Junio thanked the contributors and everyone in the ecosystem, including people from the Software Freedom Conservancy and employers of contributors.
His email ended with “Thanks all, and let’s look forward to see the next 15 years be as wonderful years for Git as the past 15 years ;-)”
A number of people replied especially thanking Junio for his work as the maintainer of the project. Edward Thomson, who is a maintainer of libgit2, also thanked everyone, on behalf of libgit2.
Let’s all also thank Junio, Linus and every contributor in the Git ecosystem!
Regression in v2.26.0-rc0 and Magit
Jean-Noël Avila reported to the mailing list that git version 2.26.0-rc0 segfaulted under Magit with auto-revert enabled.
Magit is a popular Emacs interface to Git, and the auto-revert mode lets Emacs revert files that have changed on disk when a Git command has been run outside of Emacs.
Jean-Noël had bisected the issue to a commit that was improving the error message which Git issues when it dies due to processing a path outside the repository. This commit though didn’t consider the case of a bare repo which triggered the segfault.
Jonathan Nieder replied that the bug was fixed by another commit by Emily Shaffer that had not yet made it to the master branch. He asked Junio Hamano, the Git maintainer, if the commit could be fast-tracked, and Emily if she could add a test to her commit.
Junio replied suggesting that a few tests should be added, and that there were a few days left before v2.26.0-rc2 to add them. The next day though Junio replied to himself with a patch adding the tests and asking for comments.
Jonathan Nieder reviewed Junio’s tests adding his “Reviewed-by:”, and said that Emily was out of office so they were well timed.
Junio replied to himself again discussing one test he wrote that
tested that both git log -- ..
and git ls-files -- ..
fail when
the current working directory is the .git
directory.
He wondered why, if “.” instead of “..” is used in the above
commands, Git should behave as if the current working directory was
the top-level of the working tree instead of .git
, and why Magit
is expecting cd .git && git ls-files ..
to show the entire working
tree.
Kyle Meyer replied to Junio that internally Magit’s call which
triggered the bug is running git ls-files
from .git
to ask
whether the file used to edit a commit message is actually tracked,
as it makes no distinction between files in .git and in the working
tree.
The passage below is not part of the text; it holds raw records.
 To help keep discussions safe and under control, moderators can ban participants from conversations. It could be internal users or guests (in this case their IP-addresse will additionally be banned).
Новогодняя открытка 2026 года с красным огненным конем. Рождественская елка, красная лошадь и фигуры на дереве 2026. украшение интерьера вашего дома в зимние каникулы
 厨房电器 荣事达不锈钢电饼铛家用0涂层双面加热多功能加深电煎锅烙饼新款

He said that he would propose a change in Magit to improve
this.
Gábor Szeder also replied to Junio’s patch suggesting a small improvement in the tests which Junio accepted sending an improved patch.
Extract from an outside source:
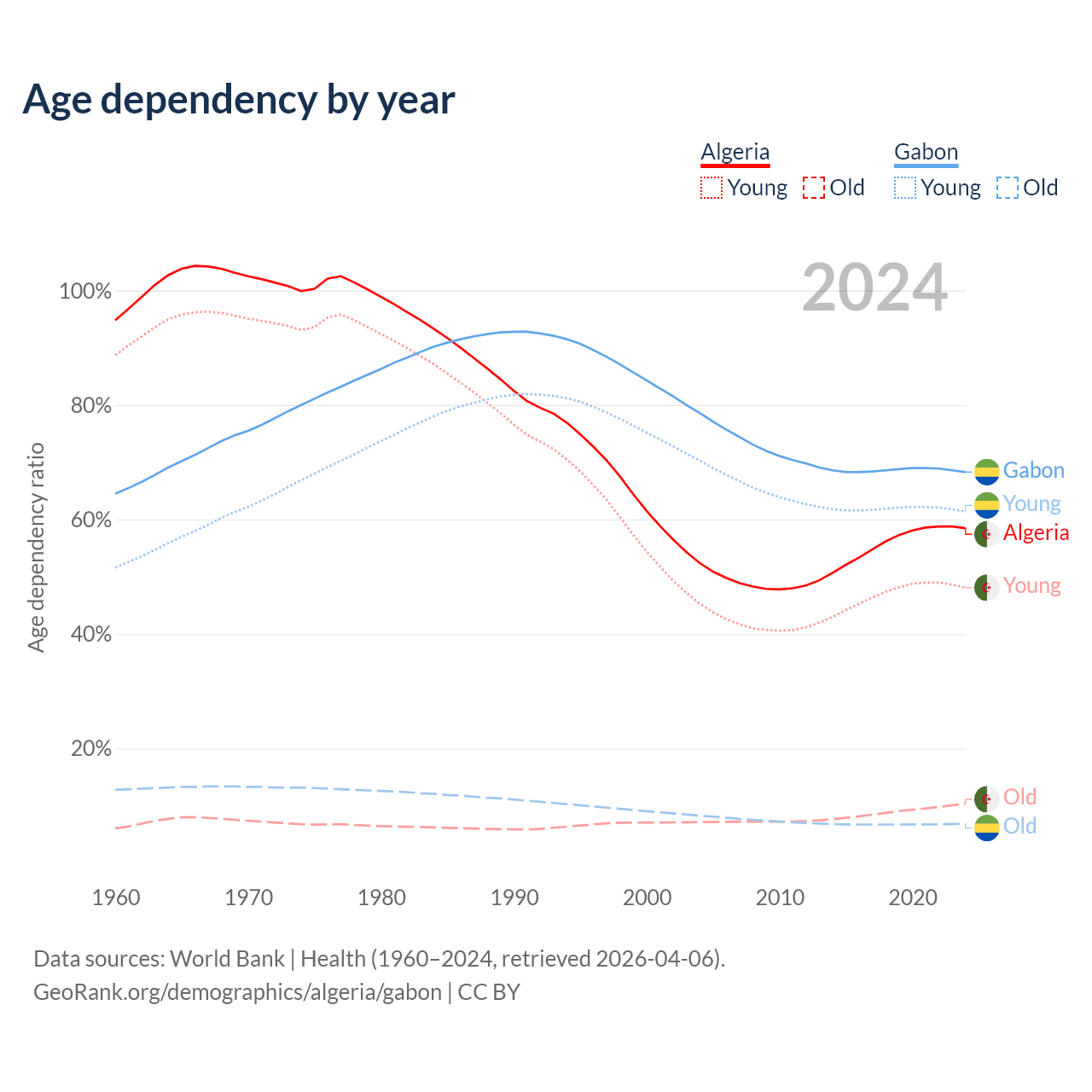 - The share of old-age demographic (65+) in Algeria is 6.58% vs 4.08% in Gabon.

The fix with Emily’s code and Junio’s tests was then merged into v2.26.0-rc2.
Who are you and what do you do?
I’ve been an open-source hacker since long before that term was coined. Back around the turn of the century I wrote “The Cathedral and the Bazaar”, which helped reinvent the movement and gained it mainstream acceptance. I’m also the author of “The Art of Unix Programming”. More recently I’ve headed the GPSD and NTPsec projects. My most Git-relevant work is reposugeon.
You’ve recently gifted us with an article about reposurgeon on Git Rev News edition 60, is there something you would like to add about reposurgeon, its history, or the article?
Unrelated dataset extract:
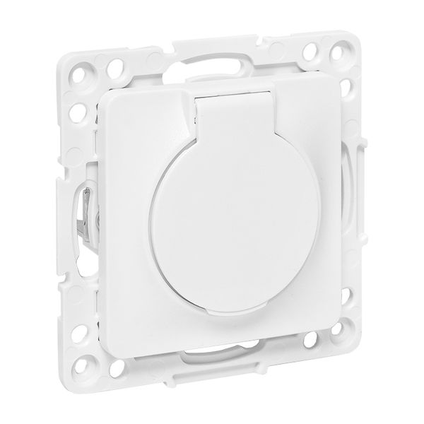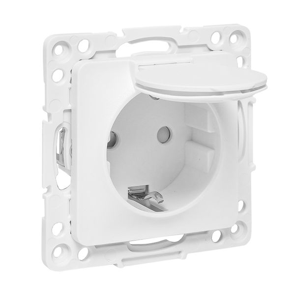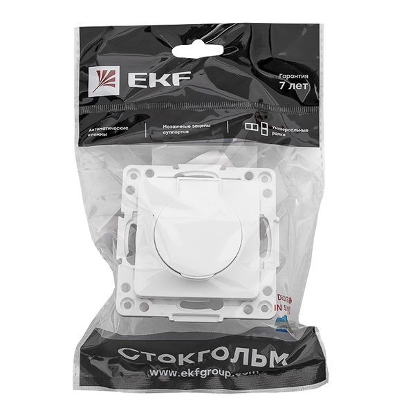 Стокгольм Механизм Розетки 1-местной с/з 16А автоматические клеммы белый с крышкой и защ. штор. IP44 EKF PROxima

Probably the most interesting additional thing I can say is that I discovered a fundamental strategy for designing good DSLs (Domain-Specific Languages) while working on reposurgeon.
Here it is: Whatever domain you’re trying to capture, first develop a way to do that capture in a declarative markup. Then write an editor for that markup, and you will implicitly have a DSL that spans the domain. It’s rather like the mathematical concept of a functor.
In reposurgeon’s case, the domain is Git repositories and the declarative markup is fast-import streams. Reposurgeon is all about exploiting that equivalence.
You used reposurgeon to migrate the GCC repository, which has about 280K commits, from SVN to Git. Can you tell us a bit more about the context in which such migrations happen. Like what are the timelines, goals, tools, people, etc involved in such migrations?
I’ve already written about this in some detail here. I’m going to be reworking that over the next couple of weeks based in part on the GCC experience and in part to reflect the unfortunate fact that Mercurial isn’t really a contender any more.
One thing that has been on my mind recently is the importance of having a “Mr. Inside”. The ideal team to do a major conversion pairs a reposurgeon expert (Mr. Outside) with a project member who knows the history of the repository intimately, can make policy decisions, and is willing to learn enough about reposurgeon to edit the recipe.
On GCC we had the ideal situation - the project lead chose to be Mr. Inside. And a good thing, too - this conversion was difficult.
Can you describe how Git is related to reposurgeon, other software you have been working on and your work in general?
Reposurgeon depends on the leverage offered by git fast-import streams. It uses them as an interchange format between different version-control streams. Conversely, Reposurgeon (and a front-end I also maintain, cvs-fast-export) enables higher-quality migrations from older VCSes than anyone has ever been able to do before.
As for how it relates to my other work, there is cvs-fast-export. I didn’t write the crucial analysis parts of cvs-fast-export myself; Keith Packard of X fame did that, it used to be called cvsparse. I did rescue it and give it the ability to emit a fast-import stream, because reposurgeon needed a better CVS importer than I could find elsewhere.
More generally, I love writing DSLs and will take pretty much any opportunity to do that. I have especially enjoyed inventing and working on reposurgeon because - well, I used to be a mathematician. I like working on things where graph theory and abstract algebra are important. Reposurgeon scratches that itch.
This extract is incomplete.